__WHAT TO WORK ON__: Reproduce the full listing as it stands. Images do not belong in the copy.

__SUPPLIED DATA__:
----
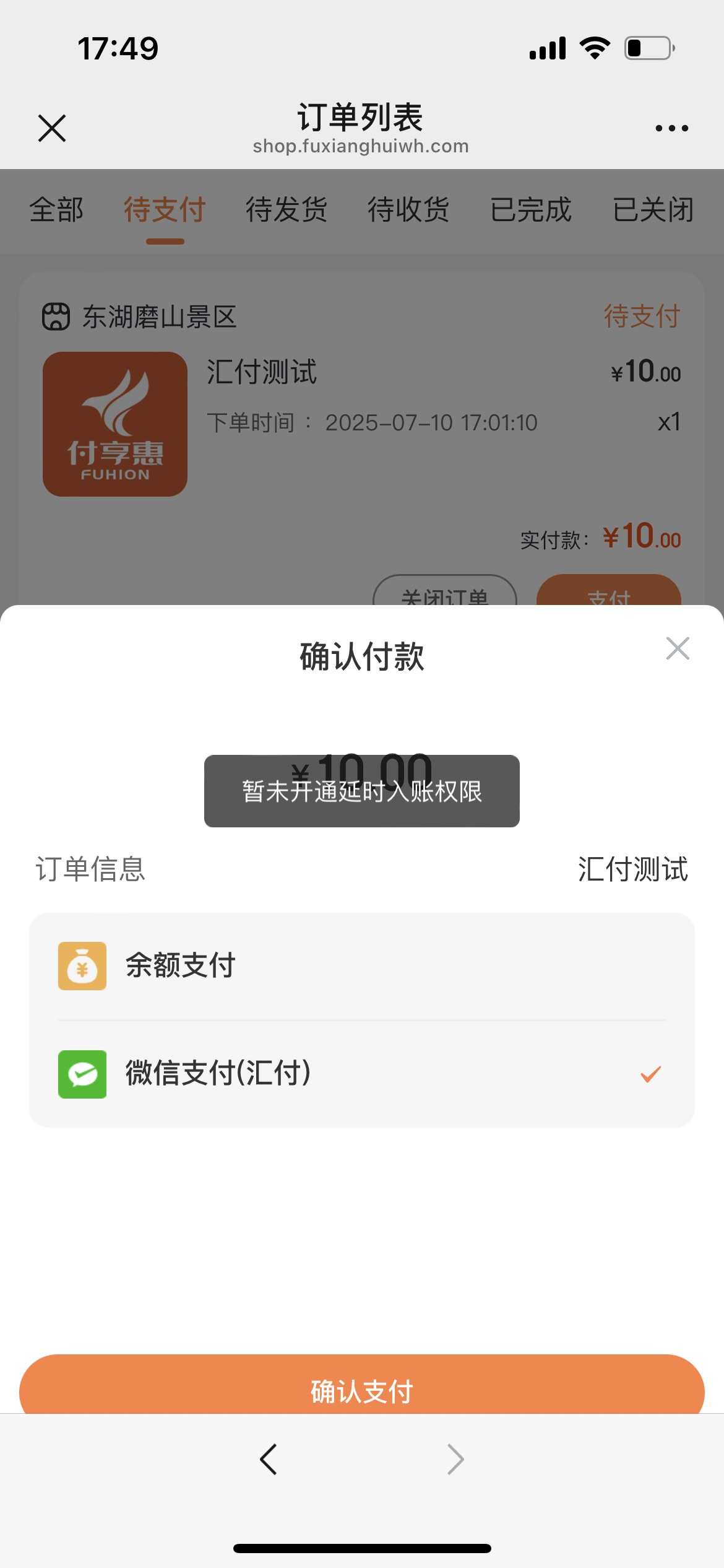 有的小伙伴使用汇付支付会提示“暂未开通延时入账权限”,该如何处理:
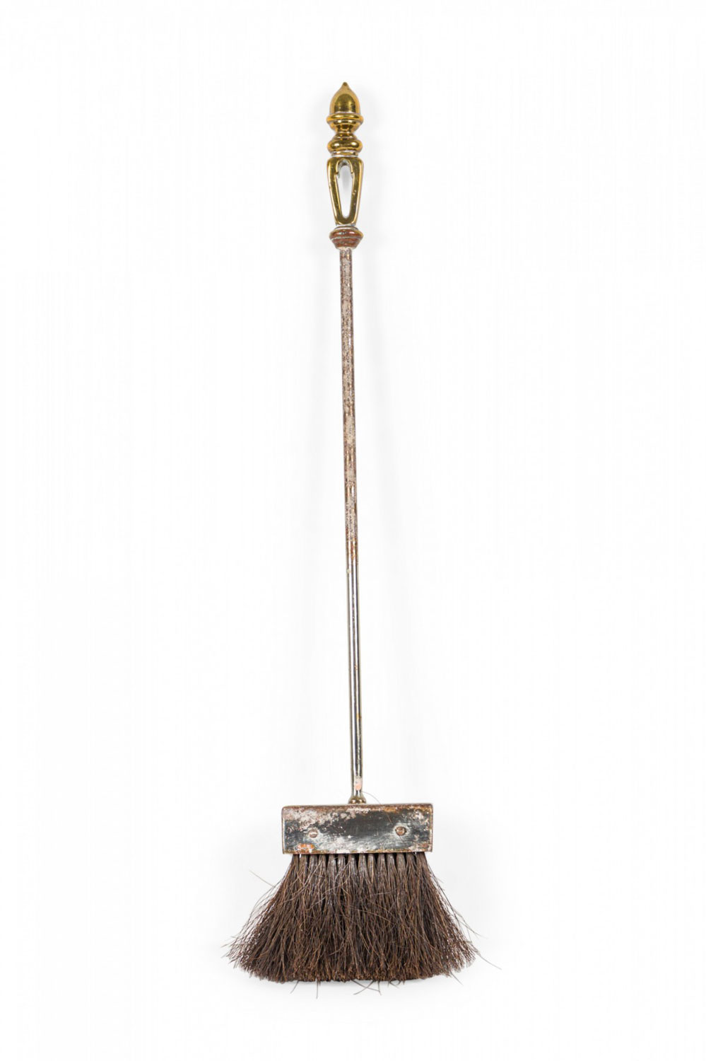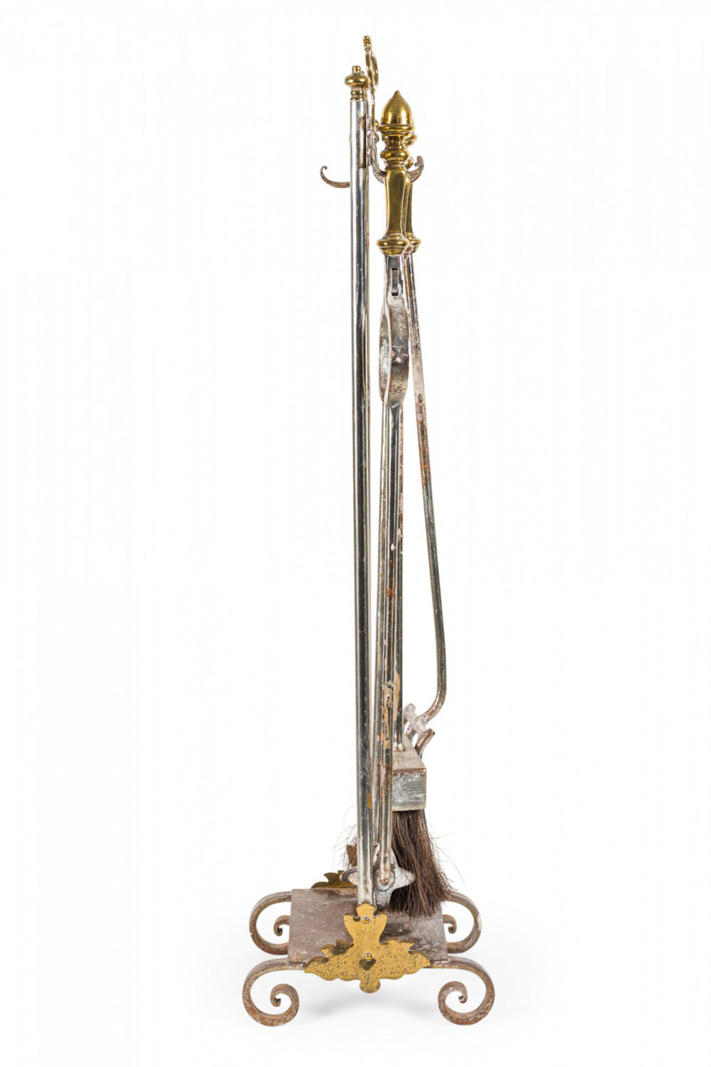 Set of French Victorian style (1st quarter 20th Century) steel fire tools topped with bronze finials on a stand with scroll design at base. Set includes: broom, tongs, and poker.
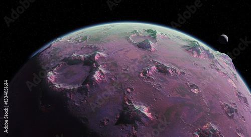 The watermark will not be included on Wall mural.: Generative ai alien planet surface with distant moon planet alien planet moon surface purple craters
----
__EXERCISE ANSWER__:
 有的小伙伴使用汇付支付会提示“暂未开通延时入账权限”,该如何处理:
 Set of French Victorian style (1st quarter 20th Century) steel fire tools topped with bronze finials on a stand with scroll design at base. Set includes: broom, tongs, and poker.
 The watermark will not be included on Wall mural.: Generative ai alien planet surface with distant moon planet alien planet moon surface purple craters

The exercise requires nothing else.